When we think about love, we imagine lovely pictures of romantic kisses, exciting
adventures and living happily ever after, but why do we always forget about the other
things behind these images? Why do we tend to forget about the fights, tears and
broken hearts? The answer is simple it is because we don’t want it to happen. “It is
easier to take love as a dream, not reality.”

We have this thought that you really don't stop loving. But instead, the feeling no
longer dominates you. No longer overpowers you. No longer makes a difference to your
life. Love stays and even after year’s you can feel it churning your stomach seeing the
person but it no longer affects you. You won't feel the pain passing through your heart
and you will not find tears rolling down. It simply won't make a difference perhaps Love
will remain and that it why each and every time you recall or see him/her, you will find
your heart skip a beat or breathing fast or memories engulfing you.

Loving is a skill that has to be trained. Many people think that loving doesn’t
require learning and that we can love someone by just following our emotions but that’s
not true. True love is a challenging, hard work. It is teaching and learning.
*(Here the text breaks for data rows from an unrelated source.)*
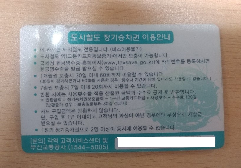 현재까지 부산 휴메트로 1개월 정기승차권을 쓰고 있는데 이 것에 대하여 모르는 사람들이 꽤 많더라.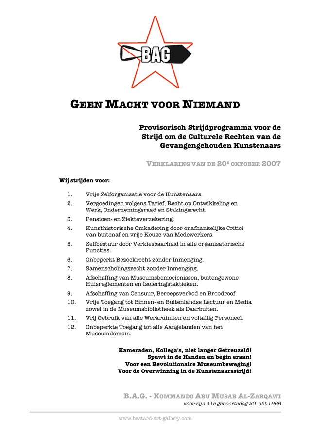 Op een discussieforum over ‘Het Metabolisme van de Macht’ deed ik de uitbuiting van kunstenaars door het museum uit de doeken aan de hand van financiële cijfers uit het jaarverslag. Verder wilde ik de deelnemers aan het debat en het publiek bestoken met zelfgemaakte explosieve cocktails van Coke Light en Menthol. De belangstelling voor het evenement bleef echter beperkt tot 8 mensen waardoor elke mogelijkheid tot interactie vruchteloos bleek. At a discussion forum about ‘The Metabolism of Power’ I explained the exploitation of artists by the museum with financial details from the annual report. Furthermore I planned to fire self-made explosive cocktails of Coke Light and Menthol at the other participants in the discussion and members of the audience. Alas the interest for the event was limited to 8 people which made every possibility to interaction fruitless. | ||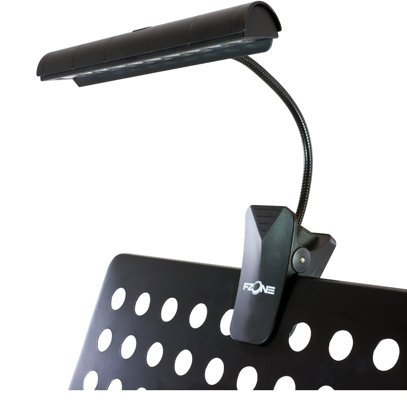 The FZone 10 LED Orchestral Music Light is designed for musicians who need bright, reliable illumination for every rehearsal and performance. Slightly larger than the 6-LED version, it provides extended coverage and enhanced brightness, making it suitable for large scores, multi-page sheet music, and low-light environments. Its durable yet lightweight construction ensures it can withstand the rigours of regular use while remaining easy to carry between venues or reposition on any stand. The strong, flexible gooseneck allows precise positioning of the light exactly where it is needed, while the sturdy spring-loaded clip secures it to almost any music stand. For situations where clipping is not possible, the weighted base provides a stable freestanding option. The wide, even illumination ensures no hotspots or shadows, helping musicians clearly read every note and marking on their scores. Compact, portable, and robust, the FZone 10 LED is suitable for pit orchestras, chamber ensembles, gigging bands, and soloists, providing consistent, professional-quality lighting wherever it is needed.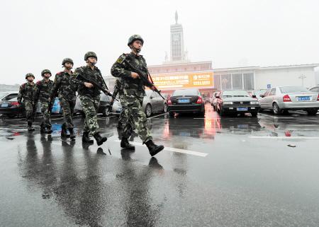 昨日下午,长沙火车站广场,全副武装的武警在巡逻。

It is your
willingness to become a better person for your partners. Love can be a gift, but only to
those who are ready and willing to accept it.
The most important thing that we have to understand is that there is no perfectly
compatible partner for us because people are totally incompatible. We are too weird for
each other. Remember that nobody is perfect so we have no rights to demand
perfection from others while we keep making mistakes.

Romantic love doesn't last forever by itself. You have to work really hard to make it
to and even then it's an ebb and flow. Some people might think that they stop loving
someone because it wasn’t true at all. Not everyone wants to work to keep it every time.
It feels terrible but that doesn't mean it wasn't real.

Since only one out of every odd sparkle needs to be a blaze. It's alright to leave
somebody and it's alright to allow somebody to leave. Because you can feel a flash,
doesn't imply that individual is beneficial for you or you are beneficial for them or both of
you is directly for the other.

If you want something different for yourself, you're allowed to let an old love go and
your love is allowed to do the same thing to you. We all fall in and out of love, it doesn't
make us monsters. How we treat each other and the world is what can make us that.
Every relationship we have will fail except maybe one, and even then one of you most
likely dies first. It's the reality of being alive. It's ok to be heartbroken and it's ok to break
someone's heart. What is not ok is letting it define us. We are lucky the moment we find
someone who is in the same place at the same time as us who wants to work towards
the forever. That is a beautiful hope worth holding onto.